Sono alcune delle conseguenze prodotte dall’irruzione sul mercato immobiliare della multinazionale del capitalismo di piattaforma AirBnb. Ad esempio a New York, il primo mercato dell’azienda, il governatore dello Stato Mario Cuomo ha tempo fino a domani per ratificare la legge del Senato contro gli affitti brevi online. Le legge li proibisce per meno di 30 giorni per edifici con più di tre appartamenti. Airbnb intende vietare ai padroni di casa di affittarne più d’uno e a versare le tasse per gli affitti «short term». Più vicino a noi c’è Firenze e la Toscana. La giunta Rossi ha da pochi giorni licenziato una riforma che potrebbe cambiare le condizioni per 10 mila persone che operano su un mercato deregolamentato. Chi affitterà per più di 90 giorni in un anno sarà obbligato ad aprire la partita Iva e diventare ufficialmente imprenditore turistico.
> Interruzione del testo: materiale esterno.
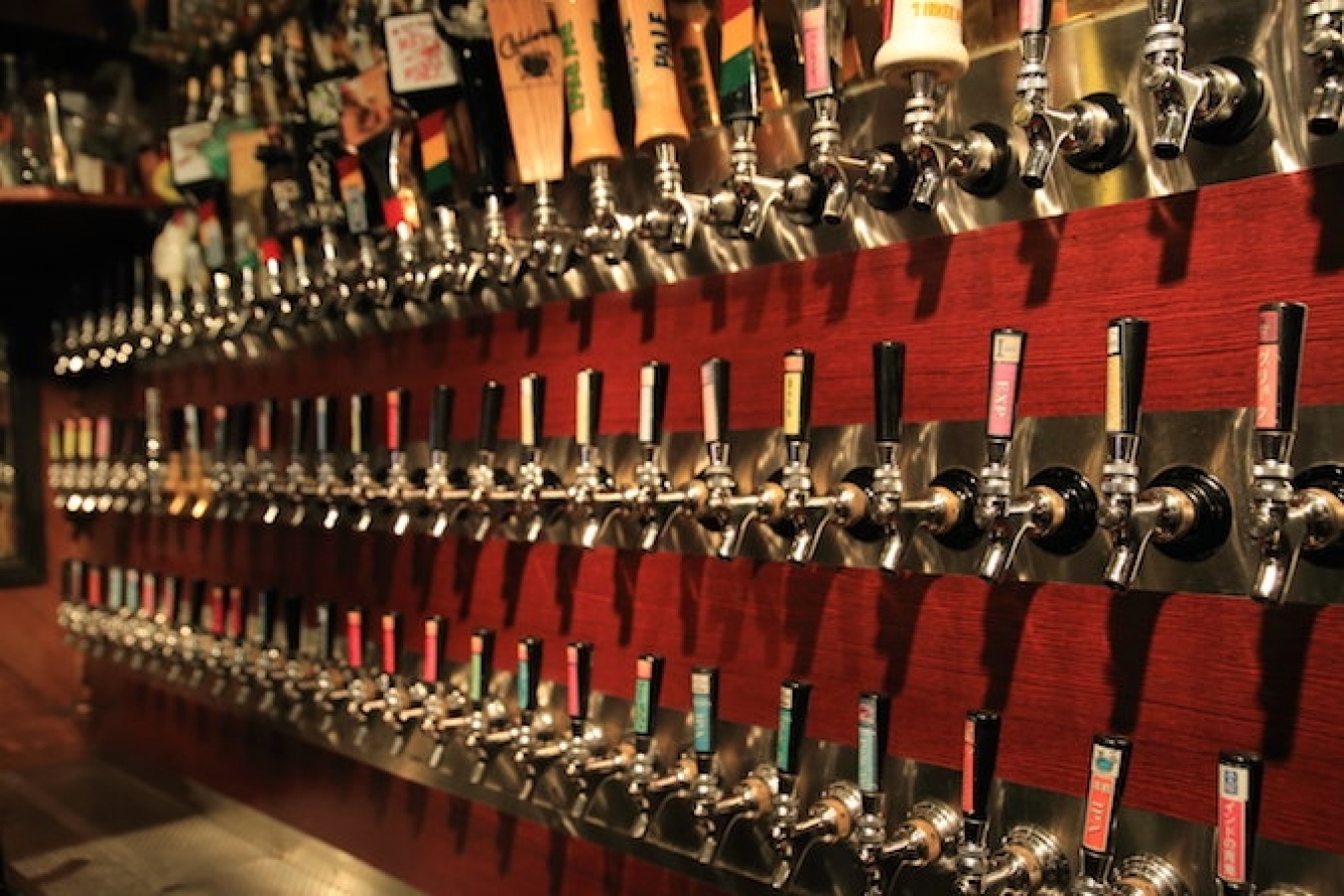 壁面にずらりと並ぶタップ、その数およそ70種!店内の黒板やポップで、その日のお薦めの銘柄をチェックすべし。Photos by Tetsuya Yamamoto
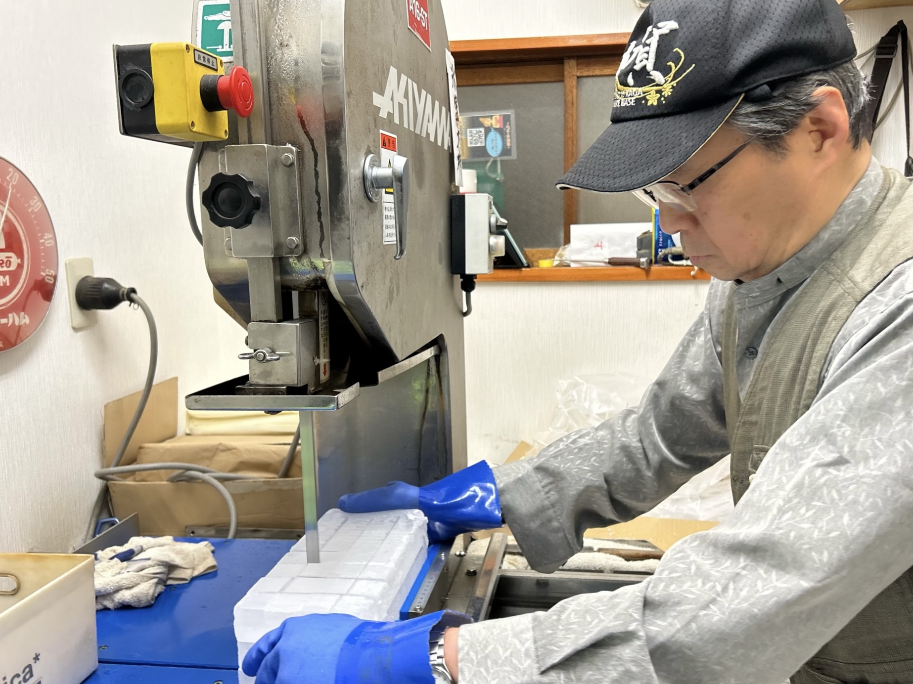 「バンドソーは肉屋の時にも使っていたので勝手が分かります。力任せに切れば刃も氷も折れます」と手際よく、3センチや4センチ、6センチの正方形や長方形などに切り分けていきます。
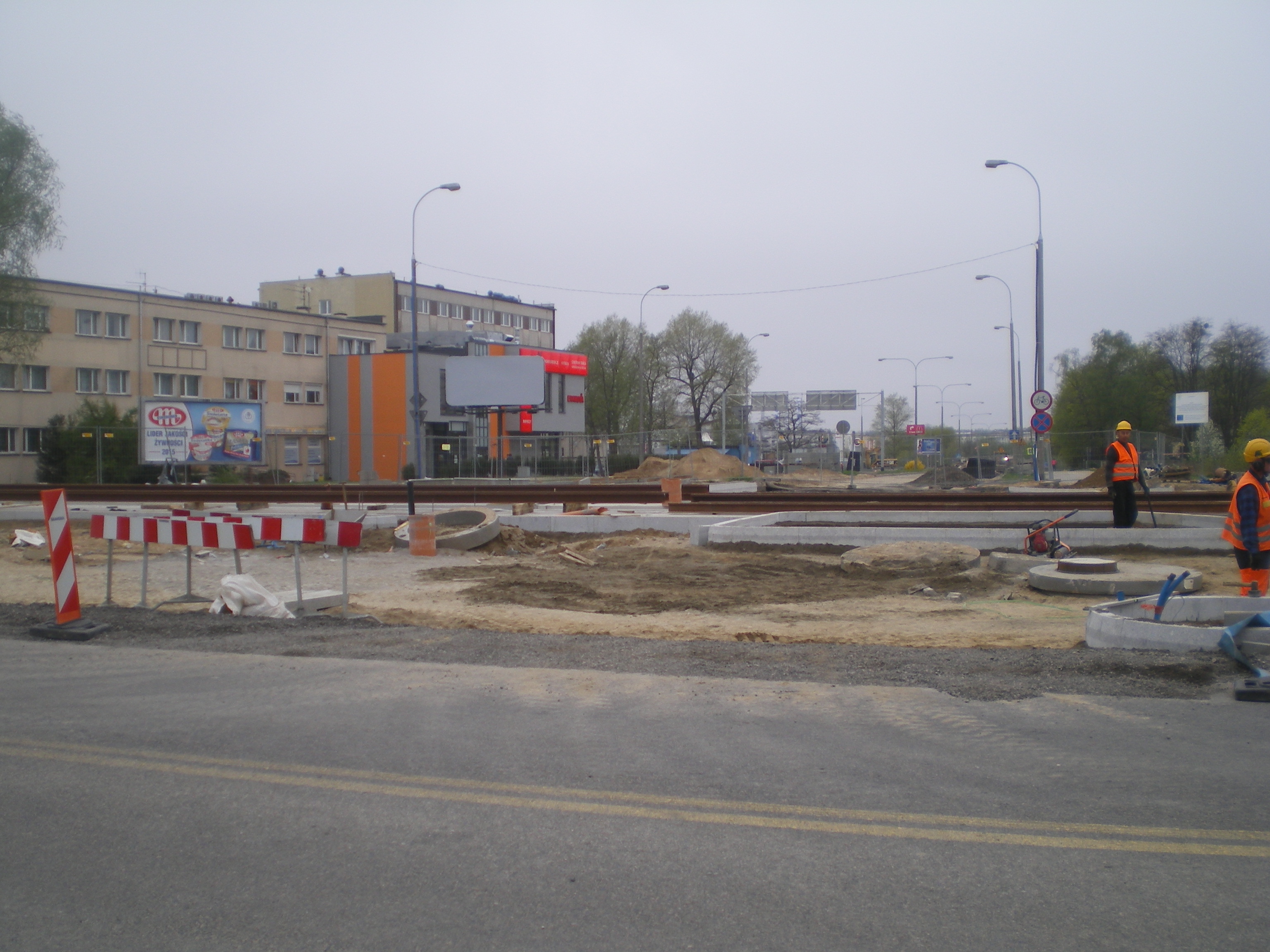 Budowa linii tramwajowej na skrzyżowaniu alej Sikorskiego i Obrońców Tobruku (28 kwietnia 2015) © OlsztyńskieTramwaje.pl
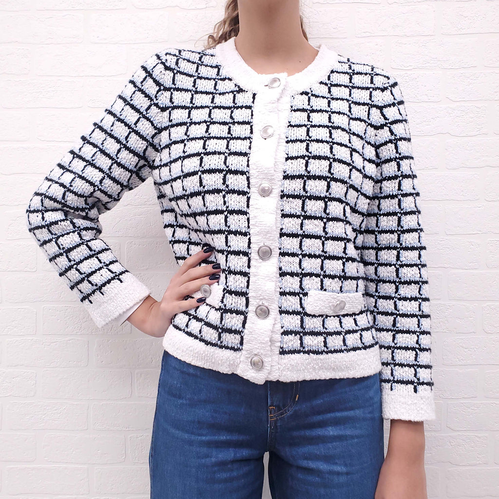 VERONICA BEARD BLUE AND WHITE KNIT SWEATER JACKET - SIZE L
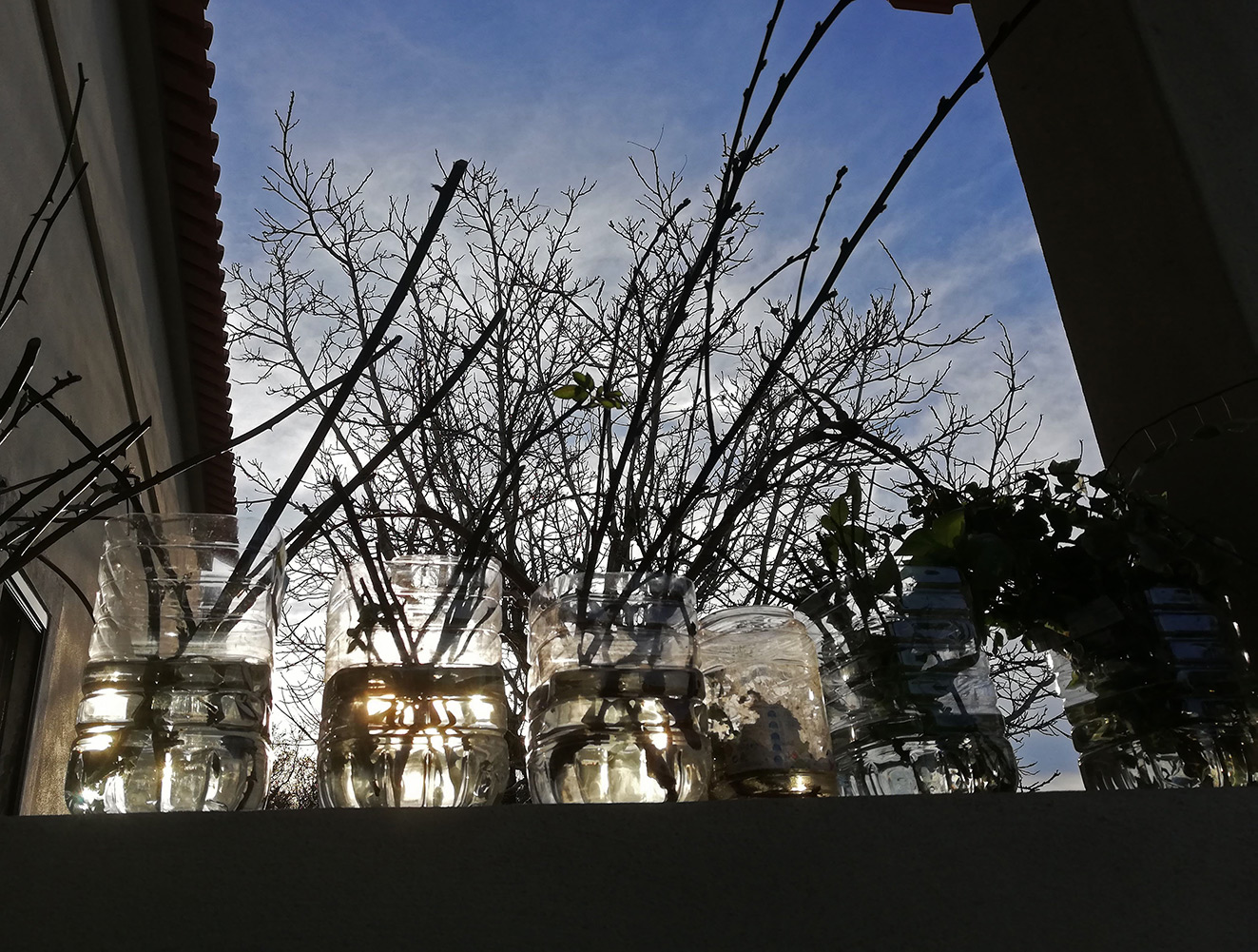 Een paar dagen geleden hebben we de perzik gemarcotteerd. Dat prachtige nieuwe woord. De rest van de perzik is gesnoeid en dan blijven een paar prachtige takken over. De moederboom is ziek en gaat het waarschijnlijk niet redden, dus er moet voor nakomelingen gezorgd worden. Marcotteren is één manier, maar misschien dat een paar taken in het water zetten ook wel lukt. Eigenlijk zijn het dan geen nakomelingen, maar klonen, maar ach.

Svolgerà un vero e proprio lavoro e non, come oggi, un’attività da tempo libero basata sulla proprietà diretta o indiretta di un bene come la casa. Il limite dei 90 giorni è stato adottato per distinguere chi cede i posti letto saltuariamente, ottenendone soltanto un’integrazione al proprio reddito, e chi ne trae un introito da primo reddito. Non sarà il numero delle camere che si affittano, quanto la durata dell’attività a determinare se si è «imprenditori» o meno. In questa cornice l’imposta di soggiorno dovrebbe diventare obbligatoria, mentre oggi esiste solo un accordo tra il comune di Firenze e Airbnb che regola il pagamento. La legge regionale arriva a una sistemazione anche di questo aspetto.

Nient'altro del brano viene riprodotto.